A Two Hour Special Event on Race Relations in America On Martin Luther King Day

Tom Joyner and Chris MatthewsOne year after the inauguration of the first African-American President, MSNBC will present “Hope and Fear in Obama’s America,” January 18, 2010, 10 p.m. ET, an extended discussion surrounding race and post-racial identity in America. Moderated by “Hardball’s” Chris Matthews and featuring syndicated radio host Tom Joyner, live from Texas Southern University, a historically Black university in Houston, Texas. The two-hour special event on Martin Luther King Day will explore some of the most pressing and provocative issues connected to race and race relations in the U.S.

Hope and Fear in Obama’s America” will discuss the progress we’ve made in the United States and the challenges we continue to face around racial equality, addressing issues ranging from whether there is such a thing as generational colorblindness, to the “burdens of the first,” and whether there are a unique set of expectations and challenges attached to being the first to break a racial barrier. Panelists and guests will be announced at a later date.

MSNBC.com will soon feature additional information on the special and its guests and will also allow viewers to participate in live votes and continue the discussion online.

In a message to his audience of 8 million listeners, Joyner said, “This is an important story because it will give me and you a rare opportunity to participate in a much needed discussion about whether racism is still a relevant topic now that President Obama has been elected.” Joyner added, “It’s a crucial thing when mainstream America wants to know what’s on our minds. Together, we can give provide honest questions and answers about racism in this country. ”
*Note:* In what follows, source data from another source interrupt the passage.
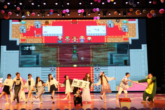 在主持人充满诗意的开场白之后,由stand轮滑社、PIC电子科技协会带来的节目《追光者》正式拉开了本届联合社团文化节晚会的帷幕。随后,两院各社团轮番登台,为大家演绎了一个个满含悠扬古韵又洋溢现代激情的节目。流霞剧社《作家之死》扑朔迷离的故事情节带大家走进了精彩的话剧世界;国服十佳歌手何杭佳、伊热夏提倾情演绎的《当你老了》让大家在温暖的歌声中感受时光的悄然流逝;大艺团街舞队的《PANGPANG》燃爆全场;嘉礼华服社的原创古风舞台剧《蓼莪》和繁星文讯社的诗歌朗诵《爱》从古今对比视角向我们展示了父母之爱的无私;校十佳歌手洪倩倩和 人妖 的十佳歌手伊凡苏、张琦带来的歌曲串烧赢得了观众的满堂喝彩;球类协会、计算机科技协会带来的舞蹈串烧《群魔乱舞之谁还不是个小仙女》也吸引了全场观众的眼球;SunShine动漫社带来的音乐剧、宅舞组合节目《王者演绎》向同学们展示了具有独特魅力的二次元文化;DCF创业发展协会倾情演唱的歌曲《YOUNG》点染了全场观众的青春年华;晨风网络文学社、麓溪书画社带来的歌曲《苔》使同学们静心感受生命的生长。最后,由两院社导部长及干事带来的节目《白雪公主和七个小矮人》赢得满堂喝彩,晚会在一片欢声笑语中落下帷幕。
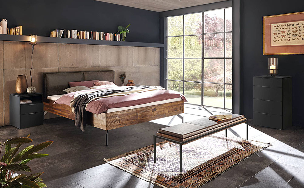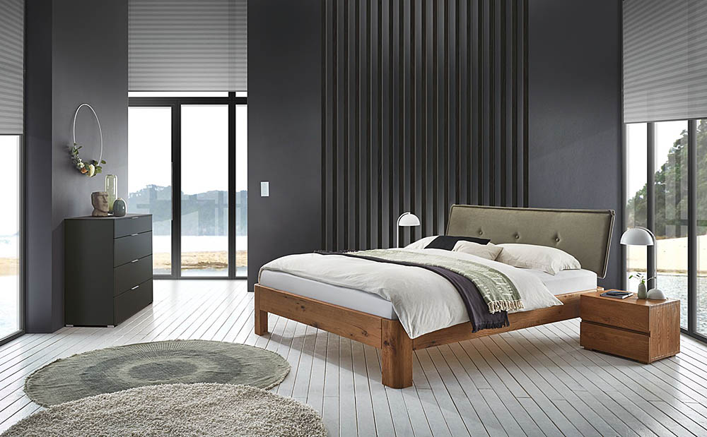 All beds shown here are only some samples among numerous possibilities offered be the various series. Bedside tables, chests of drawers, benches and other accessories are also available.
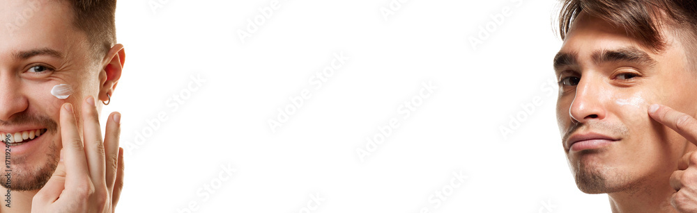 Collage. Two handsome men applying cream on their faces, symbolizing confidence and skincare against white studio background. Concept of beauty, self care, dermatology, spa procedures. Copy space.
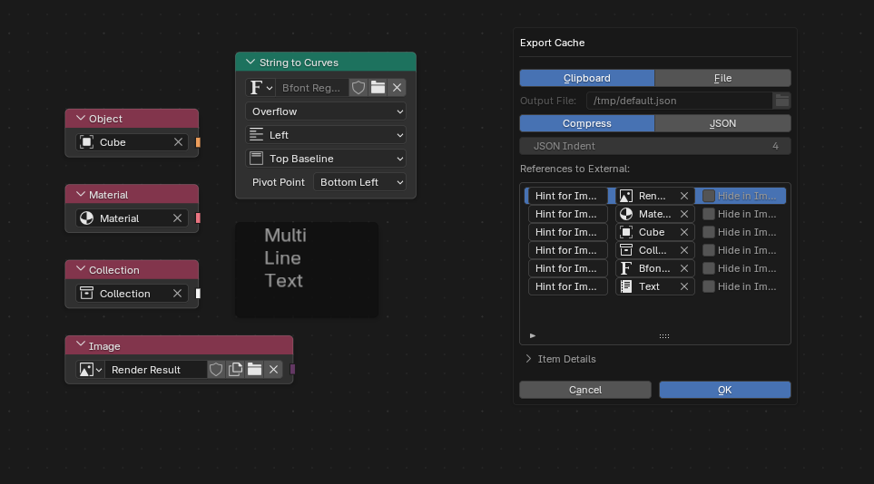 From my perspective, a software developer’s perspective, this is already ample motivation. But wait, there’s more: It’s actually really easy to go from JSON to a compressed (Base64) string and back! This provides a convenient way to share that is useful for any Blender node tree user. (Not only add-on devs)
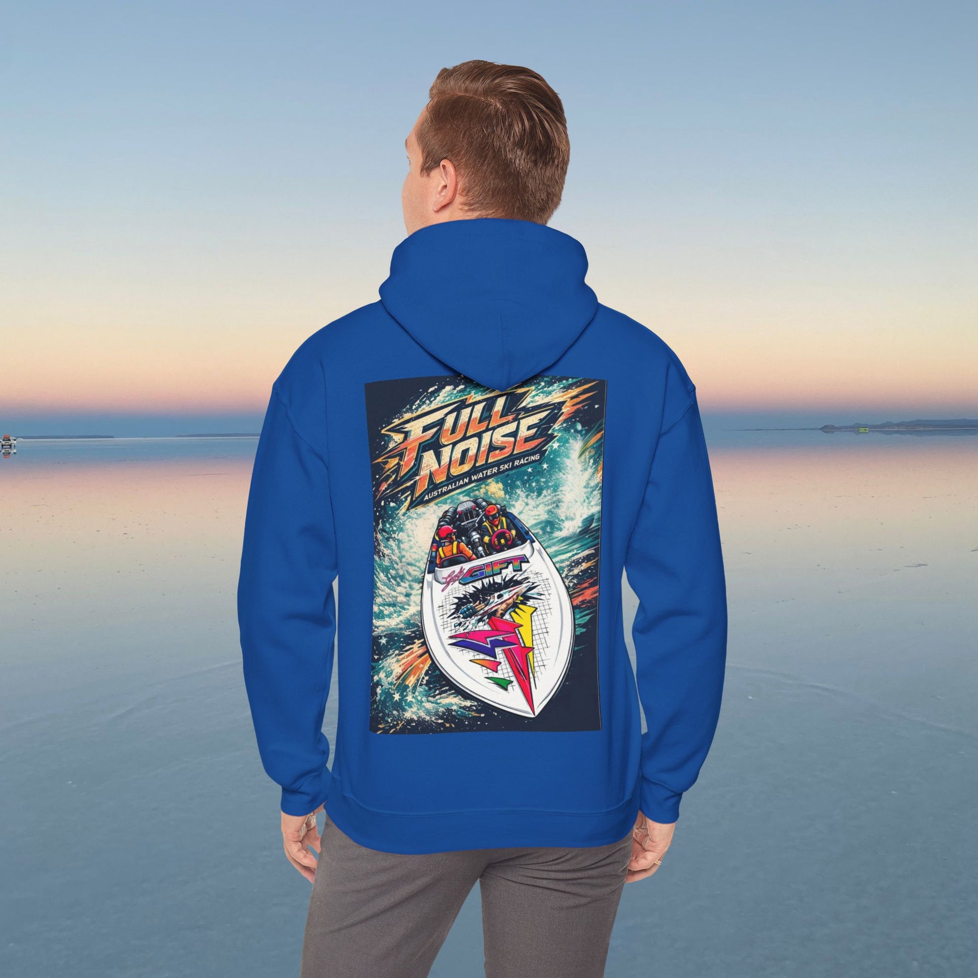 With a spray of wake off the transom and outrageous racing graphics splashed across the design, this hoodie celebrates extreme Aussie sport spirit — honouring a boat and team that broke every rule, chased the fastest motors in the world, and changed water-ski racing forever. 🇦🇺🔥
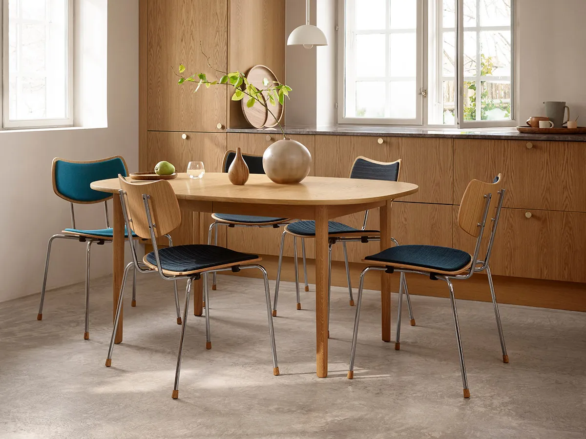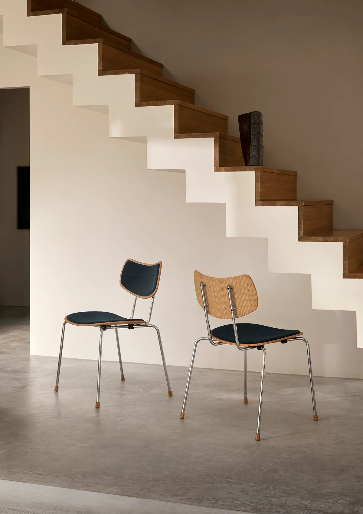 In partnership with Vilhelm Lauritzen Architects, Carl Hansen & Søn launched the VLA26 Vega Chair in 2022, in an elegant mix of powder coated black steel, wood, and textile or leather upholstery. Now, the chair is available in a new variant featuring a contemporary, polished chrome frame.
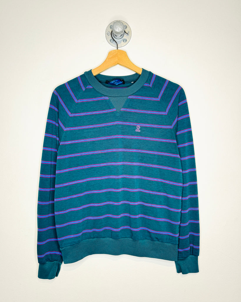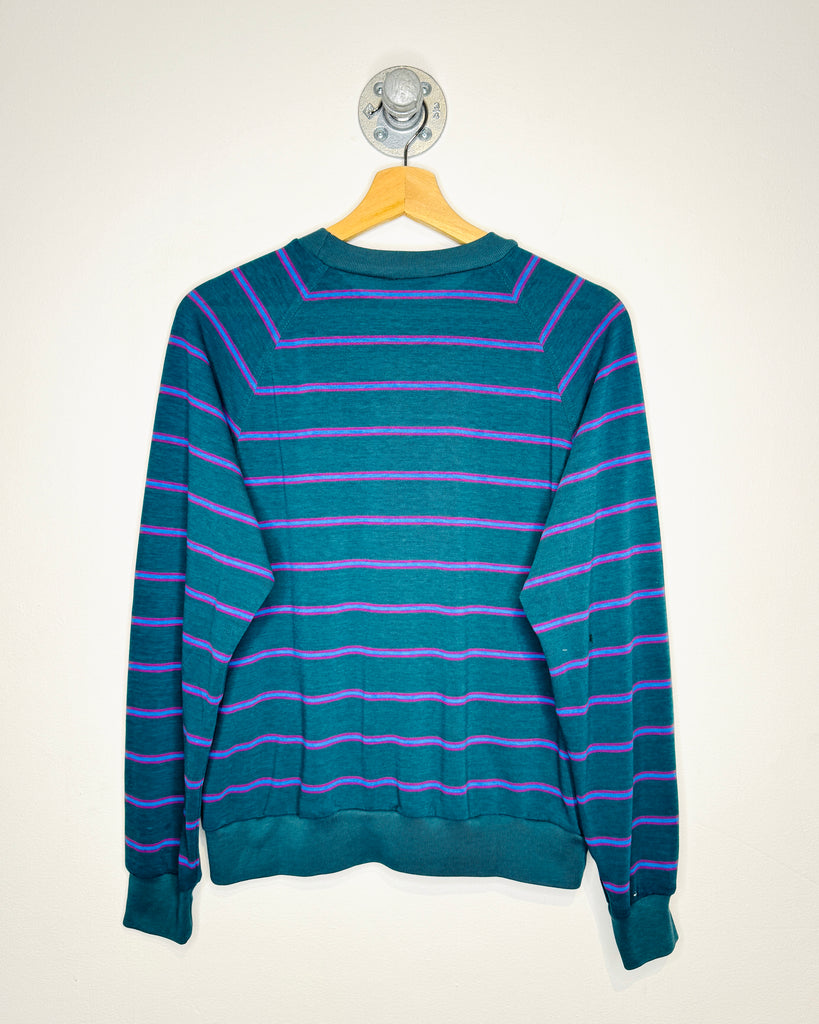 Vintage 90s Goola Gong Teal Striped Lightweight Sweatshirt
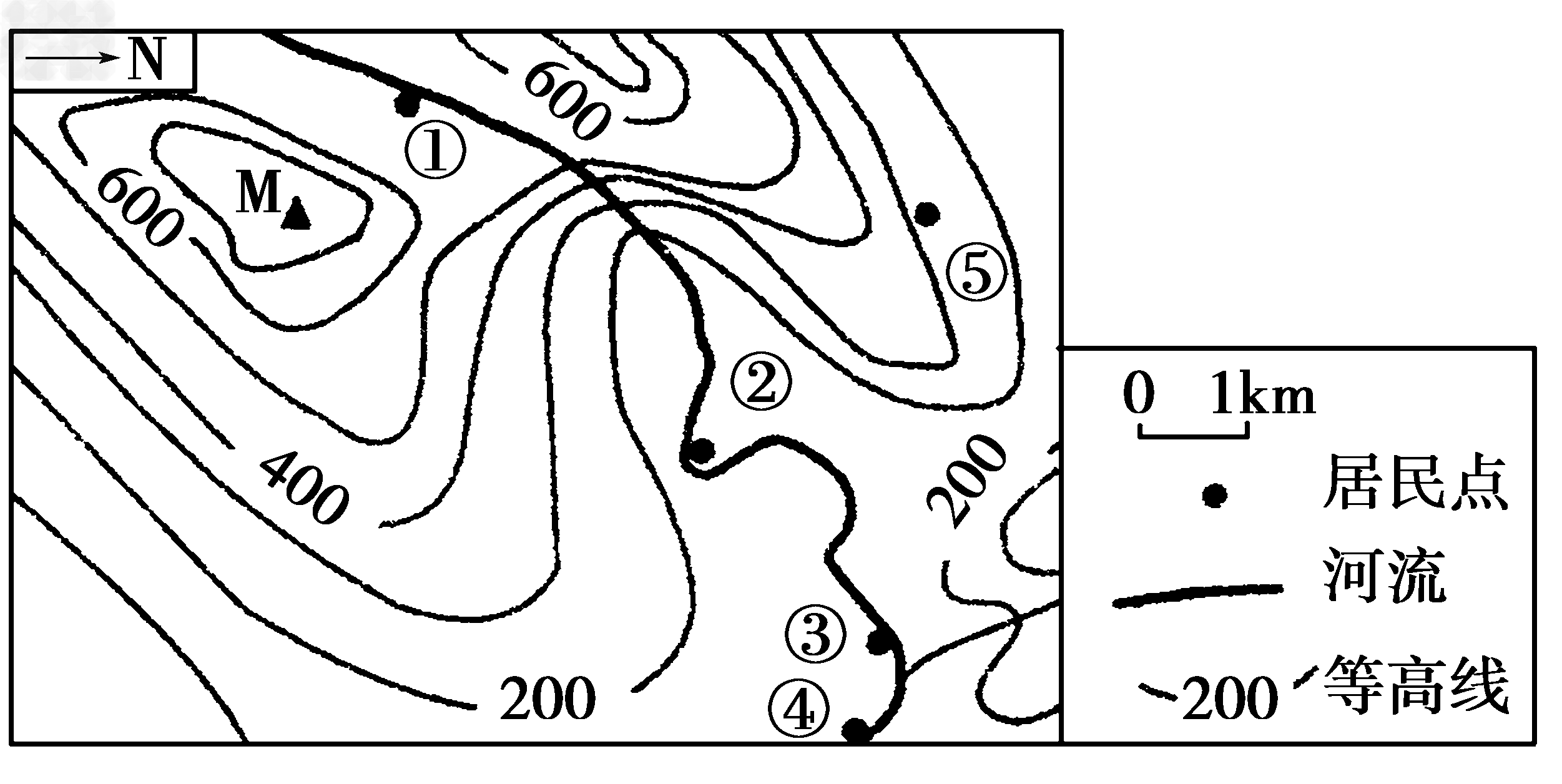 D.由⑤居民点取近道攀登M山忽上忽下较耗体力

Joyner reassured his listeners, that “of course, the traditional, easy way to tackle these topics is to get the same old people to say the same old things. Not knocking any of the people who have sat on panel after panel after panel to talk about race in America in past years. But it’s almost impossible to get any new perspectives on issues unless we solicit information from varied sources, and from what I can see, at this point, that’s what this MSNBC town hall Meeting will attempt to do. Chris Matthews and I will not talk to a panel of your “usual suspects” about hopes and fears in Obama’s America.”